The project serves projects that want to hit the ground running, launching updates and improvements without the need to implement a fork to do so — thereby ensuring maximum community cohesion.
As of November 2020, Kusama has a circulating supply of 8.47 million tokens, and a total supply of 10 million tokens. Unlike some other blockchains, this maximum supply is not fixed. Instead, it increases at an inflation rate of 10% per year.
The proportion of KSM that are staked changes how the newly minted KSM tokens (from inflation) are distributed. If exactly half of all KSM are staked, then Kusama validators receive 100% of newly minted tokens, whereas if it is above or below 50%, then some of the inflation rewards will go to the Kusama Treasury.

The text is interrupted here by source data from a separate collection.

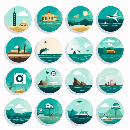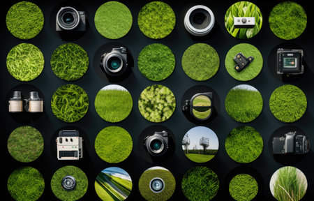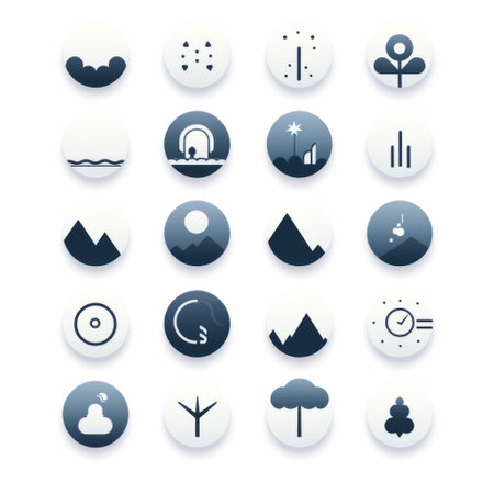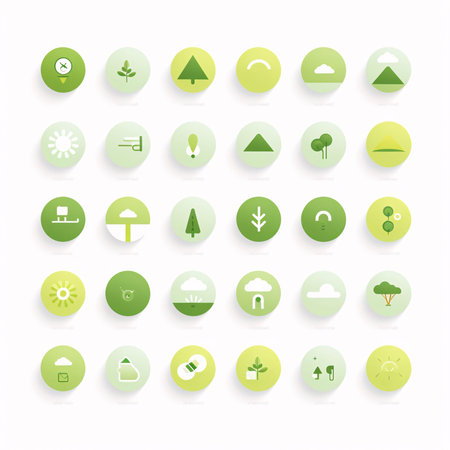 water, nature, and earth icons are beautifully arranged in a circle, showcasing their interconnectedness. the icons are designed in a captivating style, combining dark white and light navy colors. the graphic design-inspired illustrations feature soft gradients and atmospheric lighting, reminiscent of the artistic influences of black mountain college. the toy camera effects add a unique touch to this installation-based artwork. ai generated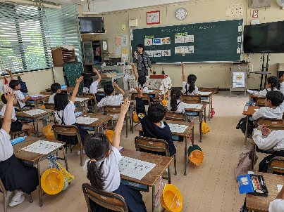 栄養教育推進事業の授業の様子です。栄養教諭から、給食のルールについていろいろ教えていただきました。自分たちの食べ方が正しいことを褒めてもらい、喜んでいました。最後まで楽しく授業を受けていました。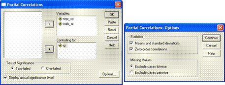 Pentru a fi sigur cu privire la relatia dintre variabilele care îl intereseaza, fara a suporta efectul celei de a treia, vom proceda la calcularea coeficientului de corelatie partiala, care se lanseaza în executie din meniul Statistics-Correlate-Partial, cu deschiderea casetei Partial Correlation, în care variabilele cercetate sunt trecute in lista Variables, iar variabila pe care dorim sa o izolam, în lista Controlling for: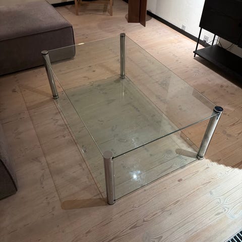 Flot glas sofabord med egetræs ben look sælges. Har justerbare føder. Ser helt nyt ud.

Kusama initially launched as an airdrop to those that participated in Polkadot (DOT) token sale. These were distributed at a 1:1 rate, while those without DOT were able to obtain KSM by using a frictional faucet — this has since been decommissioned. Unlike Polkadot, Kusama has not undergone redenomination to increase its circulating supply.
Kusama is built using a nominated proof-of-stake (NPoS) consensus mechanism.
This uses a network of nominators (KSM stakers) who elect nodes to participate in the transaction validation process. These nominators receive a fraction of the inflation reward if their nominator is selected on the next rotation. Validators that act dishonestly or don't meet performance requirements can have their stake slashed.
Additionally, Kusama uses a simple queuing mechanism based on Merkle trees to resolve cross-chain transactions. Relay chain validators are responsible for moving transactions from the output queue of one parachain to the input queue of the target parachain — this is a secure, trustless process that uses the same validators on each chain to pass the messages.